Promoting continental Europe rather better is Kraftwerk’s “Trans Europe Express”, presumably something we may need a visa to take advantage of soon. Most of the track (song, not rail) is a repetition of the title, but it does contain the tantalising possibility that if we go to Dusseldorf we could meet David Bowie and Iggy Pop, though I’m sure this would have been hardly more likely in the mid-Seventies than it is now, so its vote-winning qualities are limited. There’s more mournful Euro-disco in Suede’s “Europe is Our Playground”, from 1996, which features a striking juxtaposition of destinations: “From Heathrow to Hounslow, from the Eastern Block to France/ Europe is our playground, London is our town... let's make a stand… from Spain to Camber Sands”. Comparing the Costas and Camber seems a vote-winner for the Remainers.

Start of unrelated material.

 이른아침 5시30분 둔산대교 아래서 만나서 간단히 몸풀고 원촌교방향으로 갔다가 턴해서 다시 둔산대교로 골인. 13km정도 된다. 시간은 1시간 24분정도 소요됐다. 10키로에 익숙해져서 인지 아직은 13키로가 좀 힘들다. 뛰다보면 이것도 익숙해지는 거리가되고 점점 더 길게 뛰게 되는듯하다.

Another celebrant of Europe, though in general and not the EU, is Johnny Marr in “European Me" from 2013. “Being in America … I remember thinking that the entire country seems to be built largely on European heritage, so it's just me celebrating Europe, really,” he told New Statesman. “Now there is no turning back/ Once gone the traces impact/ War child there's no changing”, the song goes. One wonders how his old Smiths writing partner, Morrissey, would feel about that – Morrissey lamented in 2007: “Although I don't have anything against people from other countries, the higher the influx… the more the British identity disappears”. Mind you, he was living in Rome at the time, so what difference does it make?
Curiously, there are two songs called “European Son”. The first, by the Velvet Underground, is the closing track on their debut and states, prophetically given it was 1967: “You better say so long/ Hey hey, bye bye bye” (it was in fact to a dying friend of Lou Reed’s); while the second is by New Romantic retro-glammers Japan, and offers “Here I am/ European son/ Sometimes the passenger”, perhaps alluding to a lack of democratic accountability in a nascent continental superstate. Or to a bus trip.

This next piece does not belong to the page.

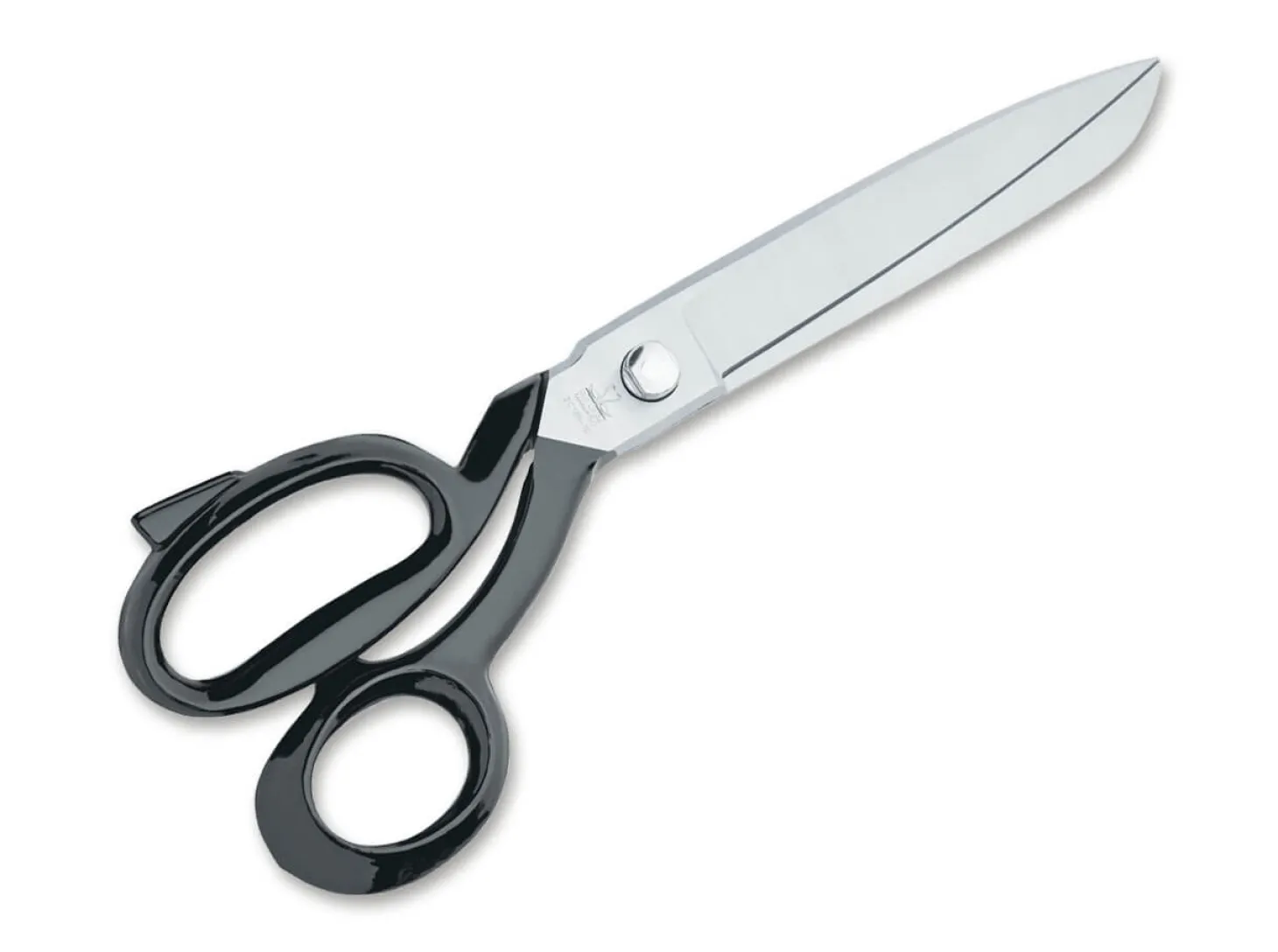 Die hochwertige Schneiderschere 185 von Due Cigni wird aus Kohlenstoffstahl gefertigt. Augen und Halme der Stoffschere sind schwarz lackiert.

There are quite a few songs about the attractions of the European women whom male rockers will have more problems meeting post Brexit, so we have to feel for them and note their chansons d’amour. Johnny Borrell’s “Pan-European Supermodel Song” does exactly ce qu’il dit sur la boite, while The Divine Comedy’s paean to euro-cool “When the Lights Go Out All Over Europe” says “Doris Day could never make me cheer up/ Quite the way those French girls always could”, and The Stranglers’ “European Female” comes over all Adolf H. with “the European female's here – we'll be together for a thousand years”. Well, with a break for the occasional Gitane.
But let’s not go out (or, er, stay in) on a note of superficiality. Killing Joke’s “European Super State” from 2010 addresses the issues directly: “From the Baltic to the Straits of Gibraltar/
A blue flag, gold star, sparks a brand new empire/ Ours to build, ours the choice”, builds to a chorus of “I'm in a European super state/
Every citizen required to debate”. Indeed. It’s Europe: The Final Countdown.
Zut. I was hoping to get through this piece without mentioning that one.